Self-organizing mesh networking and communication comes with a permanent flow of information, massive IoT data streams even classic Big Data frameworks like Hadoop cannot handle anymore in time. Coming along with the art of data, the need for data processing changes with the kind of data creation and ingestion. Most analyses will be done on the edge and during the ingestion stream when the data comes to rest. The data lake should be the central core to store data, but the data needs to get categorized and catalogued together with a proper and well defined schema and data description. The intended use of the gravity such data pools generate needs to be applied as the motor of data driven innovation.

Why? Batched processing helps to predict getting value out of stored data even by analyzing multiple other data points and storage facilities, but not to react in time. And timely information in IoT enables business processes only to have a valuable meaning at the time they occur, to do the job stream processing frameworks like Spark or Kafka are more suitable. Combining both techniques brings unmatched value and impact to the business, driven by the right use of data. Stream processing during the data transportation closes the gap between rapid data and data on rest. Mostly referring to the more costly IoT at edge computing, MQTT enabled stream processing engines deliver high throughput over all kind of compute instances, be it in a local data center, hybrid clouds or in public clouds.

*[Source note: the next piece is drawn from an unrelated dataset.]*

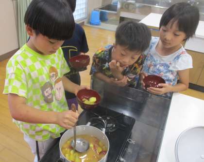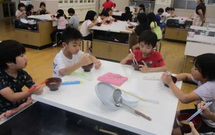 生活科の学習で収穫したサツマイモを、味噌汁にしていただきました。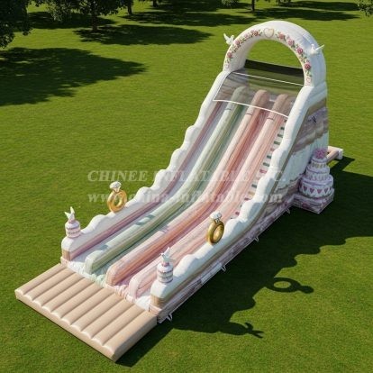 Celebrate love and joy with the T8-8820 Weddings Inflatable Dry Slide from Chinee Inflatables Inc. Designed with romantic details like wedding rings, doves, and cake-inspired decorations, this stunning slide brings elegance and fun to any wedding or special occasion. Perfect for guests of all ages, it offers a safe, exciting descent and eye-catching design, making it a highlight at your event. Crafted with premium materials for durability and beauty.

The same is countable for available cloud technology. Every cloud provider has his own IoT solution zoo with his own lock-ins, but often they do not fit to scaling plans either in complexity, missing or not well implemented parts or simply the price model is not comparable to the margin getting from an IoT based product. A combined approach of scalable cloud technology (which fits most) and own development brings the most benefit at an affordable price tag, unspoken of the intellectual property a business gains and holds, instead to bring this to providers and therefore competitors. Independent organisations like “Linux Foundation Edge” provide the most useful insight over Open Source projects and initiatives.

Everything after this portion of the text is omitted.